What you will do =>
Write out the records below from the first line through the line containing "O Relógio Feminino", leaving out any pictures.

Raw data =>
·····
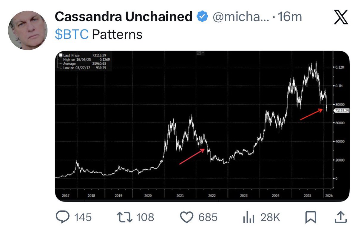 迈克尔·伯里 (Michael Burry) 刚刚发布了有关比特币的文章 看起来他认为我们的价格会低得多 随后又是两年的熊市
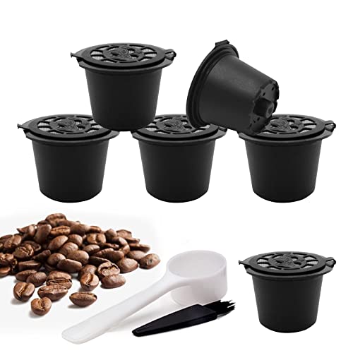 ONTOP - فلتر كبسولات قهوة قابل لإعادة الملء بتصميم متوافق مع ماكينات تحضير القهوة والنسبريسو معلقة لملء الكبسولات وفرشاة لسهولة التنظيف من اون توب عبوة 6 قطع ستانلس ستيل
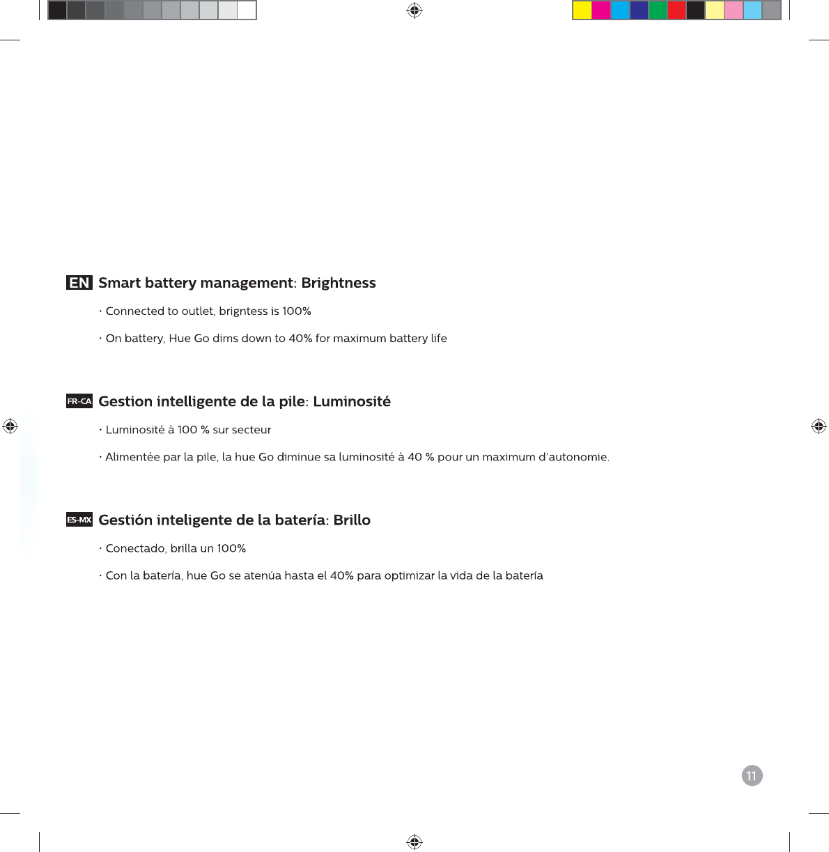 • hue Go se desactivará automáticamente después de 2 horas en modo de suspensión para ahorrar batería.
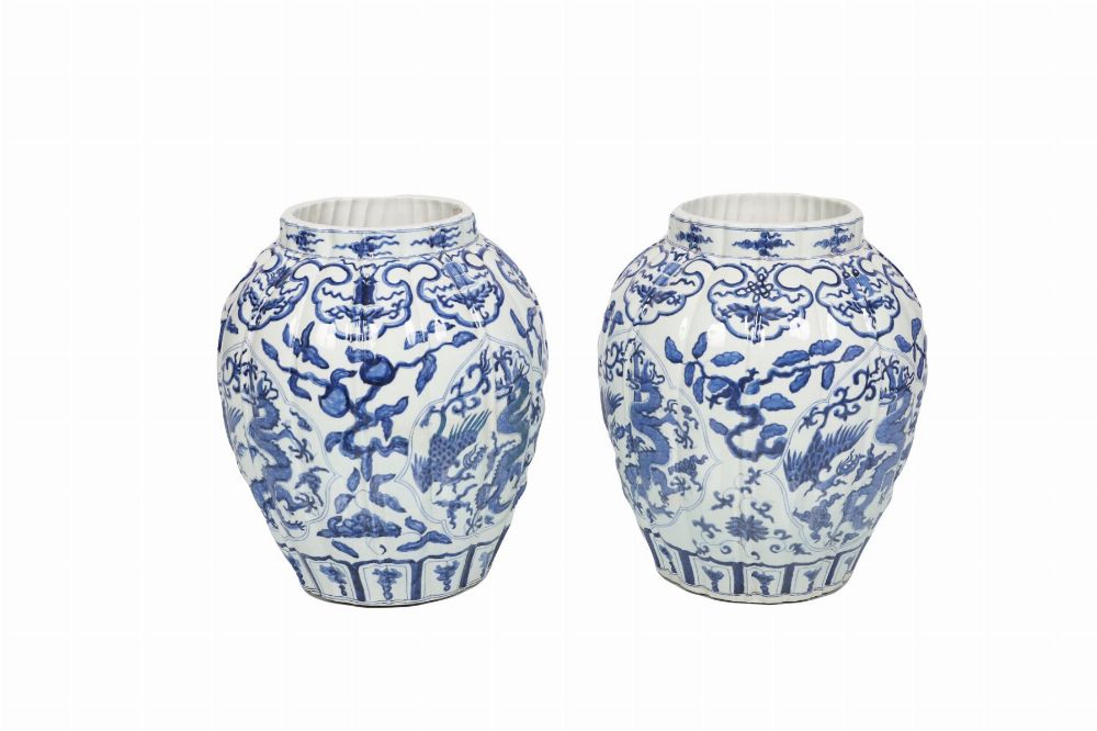 A pair of monumental early 20th-century Chinese blue and white porcelain urns, each of ovoid form decorated in rich cobalt blue with phoenix and foliate scrolls within ruyi borders, beneath a flared rim.
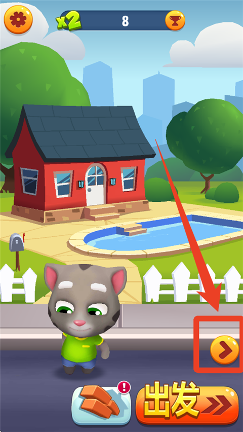1、刚开始我们只有一只汤姆猫,来到主界面,我们可以看到右边下方有一个箭头按钮,点击前往。
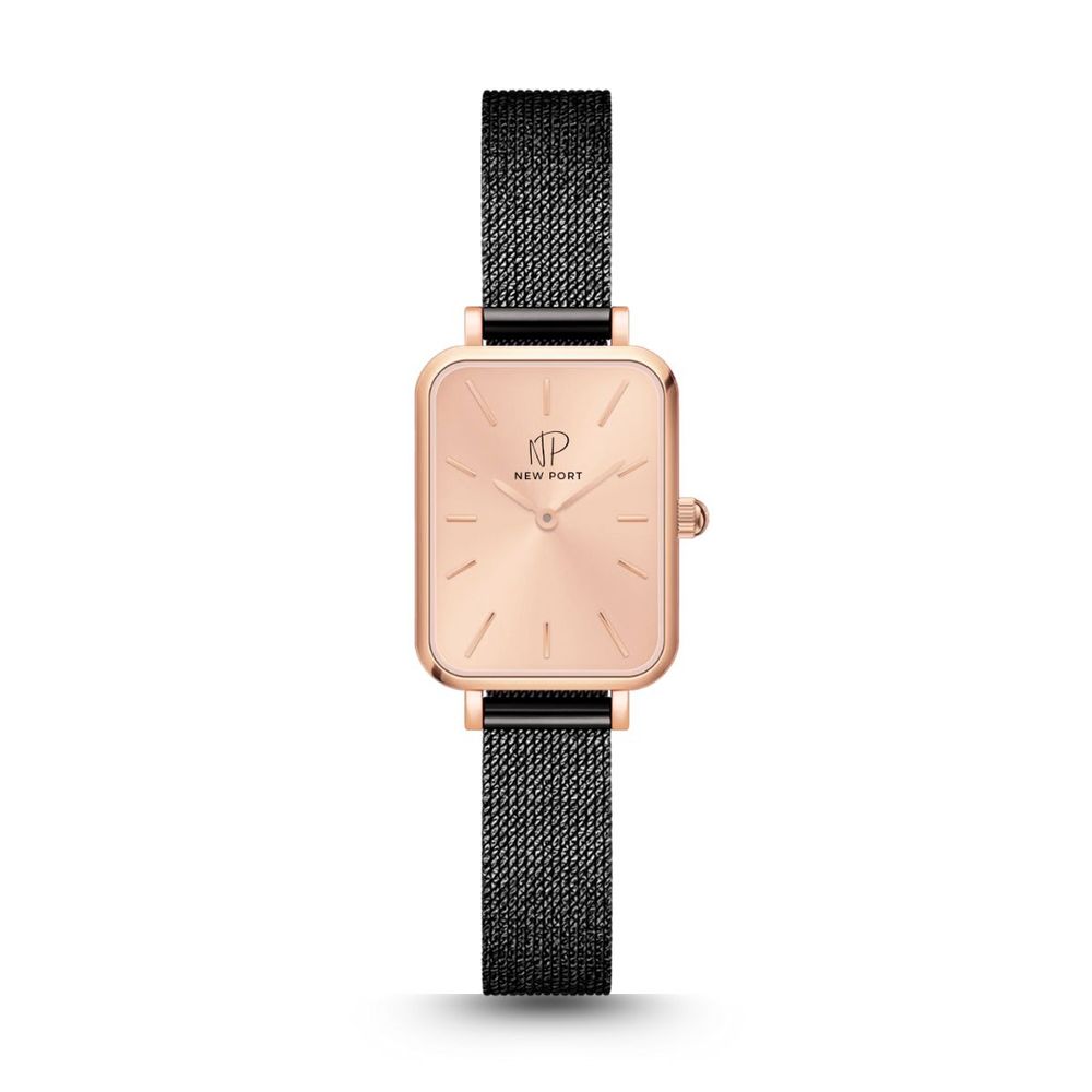 O Relógio Feminino New Port Quadrado Vermont Black Fundo Rosé Gold, com sua pulseira de aço inoxidável preta, apresenta dimensões de 20x26mm. A caixa é elaborada em metal rosé gold, com o mostrador também em rosé gold, que é protegido por um vidro de mineral resistente.
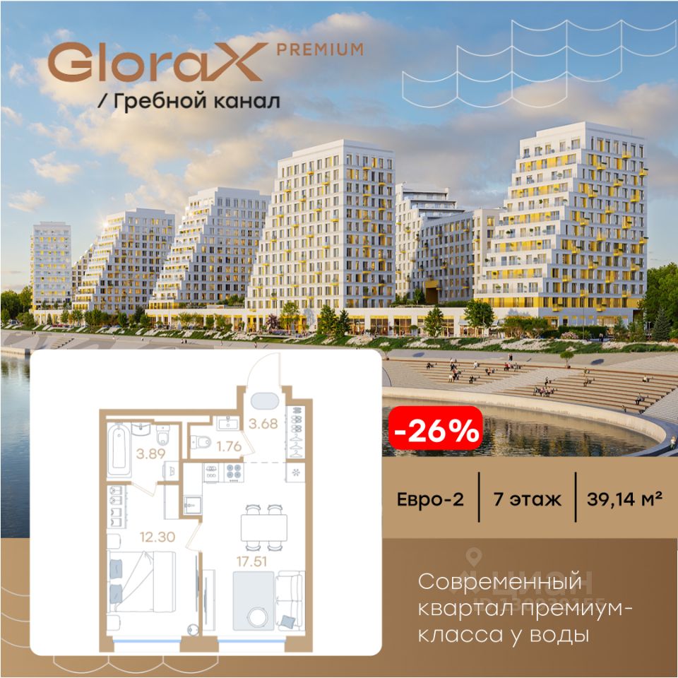 Продается 1-комн. квартира на 7-м этаже в строящемся проекте премиум-класса GloraX Premium Гребной канал. Общая площадь лота составляет 39,14 кв. м, из которых 12,30 кв. м отведено под жилую и 17,51 кв. м под кухонную зону. Номер квартиры - 327.
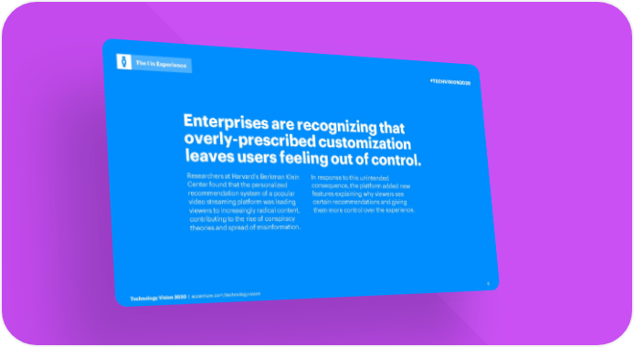 The I in Experience #TECHVISION2020 Enterprises are recognizing that overly-prescribed customization leaves users feeling out of control. Researchers at Harvard’s Berkman Klein In response to this unintended Center found that the personalized consequence, the platform added new recommendation system of a popular features explaining why viewers see video streaming platform was leading certain recommendations and giving viewers to increasingly radical content, them more control over the experience. contributing to the rise of conspiracy theories and spread of misinformation. Technology Vision 2020 | accenture.com/technologyvision 6
·····
Solution below =>
 迈克尔·伯里 (Michael Burry) 刚刚发布了有关比特币的文章 看起来他认为我们的价格会低得多 随后又是两年的熊市
 ONTOP - فلتر كبسولات قهوة قابل لإعادة الملء بتصميم متوافق مع ماكينات تحضير القهوة والنسبريسو معلقة لملء الكبسولات وفرشاة لسهولة التنظيف من اون توب عبوة 6 قطع ستانلس ستيل
 • hue Go se desactivará automáticamente después de 2 horas en modo de suspensión para ahorrar batería.
 A pair of monumental early 20th-century Chinese blue and white porcelain urns, each of ovoid form decorated in rich cobalt blue with phoenix and foliate scrolls within ruyi borders, beneath a flared rim.
1、刚开始我们只有一只汤姆猫,来到主界面,我们可以看到右边下方有一个箭头按钮,点击前往。
 O Relógio Feminino New Port Quadrado Vermont Black Fundo Rosé Gold, com sua pulseira de aço inoxidável preta, apresenta dimensões de 20x26mm. A caixa é elaborada em metal rosé gold, com o mostrador também em rosé gold, que é protegido por um vidro de mineral resistente.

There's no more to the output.